Re: matview scannability rehash (was Re: Drastic performance loss in assert-enabled build in HEAD)

From: Noah Misch <noah(at)leadboat(dot)com>
To: Tom Lane <tgl(at)sss(dot)pgh(dot)pa(dot)us>
Cc: Kevin Grittner <kgrittn(at)ymail(dot)com>, Robert Haas <robertmhaas(at)gmail(dot)com>, "pgsql-hackers(at)postgreSQL(dot)org" <pgsql-hackers(at)postgresql(dot)org>
Subject: Re: matview scannability rehash (was Re: Drastic performance loss in assert-enabled build in HEAD)
Date: 2013-04-05 11:59:04
Message-ID: 20130405115904.GA6164@tornado.leadboat.com
Views: Raw Message | Whole Thread | Download mbox | Resend email
Thread:
Lists: pgsql-hackers

On Thu, Apr 04, 2013 at 06:07:17PM -0400, Tom Lane wrote:
> Noah Misch <noah(at)leadboat(dot)com> writes:
> > On Wed, Apr 03, 2013 at 05:49:18PM -0400, Tom Lane wrote:
> >> No. This is an absolute disaster. It's taking something we have always
> >> considered to be an irrelevant implementation detail and making it into
> >> user-visible DDL state, despite the fact that it doesn't begin to satisfy
> >> basic transactional behaviors. We *need* to get rid of that aspect of
> >> things. If you must have scannability state in version 0, okay, but
> >> it has to be a catalog property not this.
>
> > In large part, this ended up outside the catalogs due to key limitations of
> > the startup process.
>
> Yeah, I realize that there's no other (easy) way to make unlogged
> matviews reset to an invalid state on crash, but that doesn't make this
> design choice less of a disaster. It boxes us into something that's
> entirely unable to support transitions between scannable and unscannable
> states by any means short of a complete rewrite of the matview contents;
> which seems fundamentally incompatible with any sort of incremental
> update scenario.

I said:
> > [...] the relfilenode-based indicator
> > (whether the committed approach or something else) doesn't need to remain the
> > only input to the question of scannability. If 9.5 introduces the concept of
> > age-based scannability expiration, the applicable timestamp could go in
> > pg_class, and pg_relation_is_scannable() could check both that and the
> > relfilenode-based indicator.

To make that concrete, suppose we implement something you suggested upthread,
"ALTER MATERIALIZED VIEW foo SET (scannable = false)". Implementing that by
replacing the relfilenode with a single empty page or removing a _scannable
fork would indeed be all wrong. The former blows away data you may wish to
make reappear later, and the latter is non-transactional. But what has us do
it that way? Store the new indicator in reloptions, where it belongs, and
make pg_relation_is_scannable() test "relfilenode_says_scannable &&
reloptions_say_scannable".

> And I remain of the opinion that it's going to box us
> into not being able to fix the problems because of pg_upgrade
> on-disk-compatibility issues.

I said:
> > [a "_scannable" fork] has a few advantages over the current approach: VACUUM
> > won't need a special case, and pg_upgrade will be in a better position to blow
> > away all traces if we introduce a better approach.

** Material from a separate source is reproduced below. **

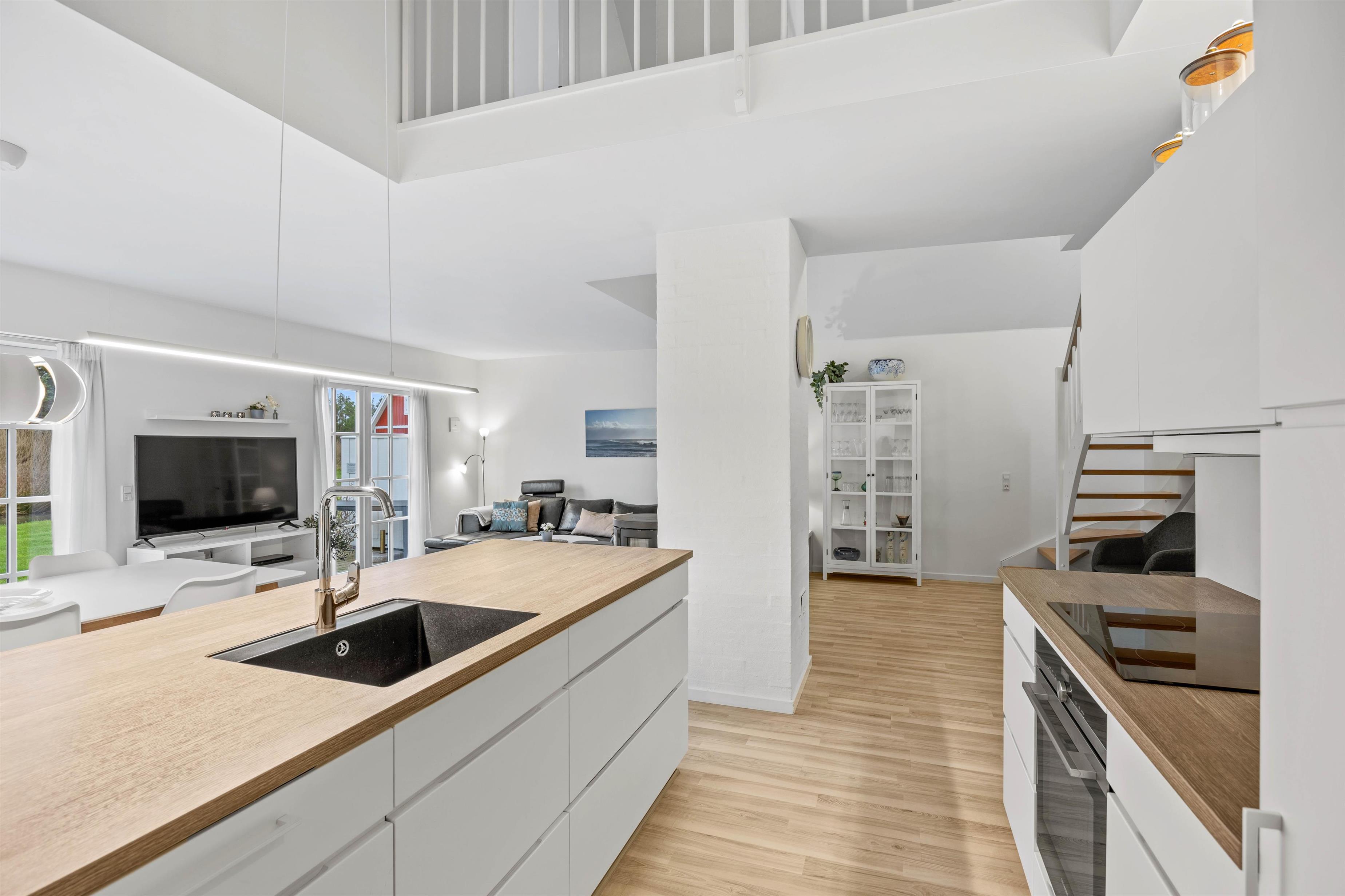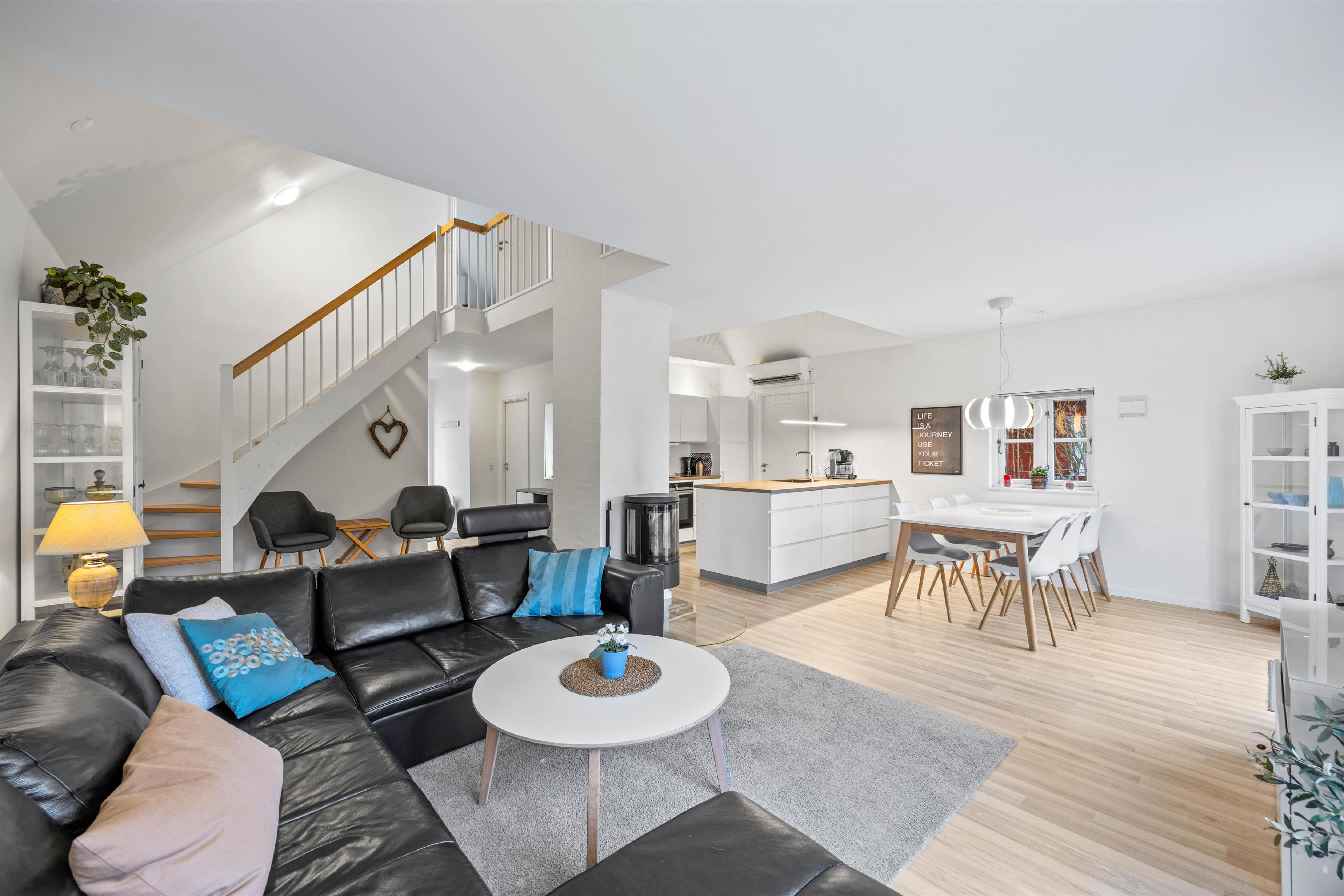 Det indbydende opholdsrum med stue, køkken og spiseafdeling kombineret i ét og med brændeovnen i midten lægger op til masser af hyggelige feriestunder sammen med familien med hjemmelavede måltider omkring spisebordet og sene aftener på sofaen.

pg_upgrade looks for _scannable forks, then translates their presence into the
new representation. The committed single-empty-page strategy doesn't have an
acute problem here, either, though.

> > A slight variation on the committed approach would be to add a "_scannable"
> > relation fork.
>
> Not very transaction-safe, I think (consider crash midway through a
> transaction that adds or removes the fork)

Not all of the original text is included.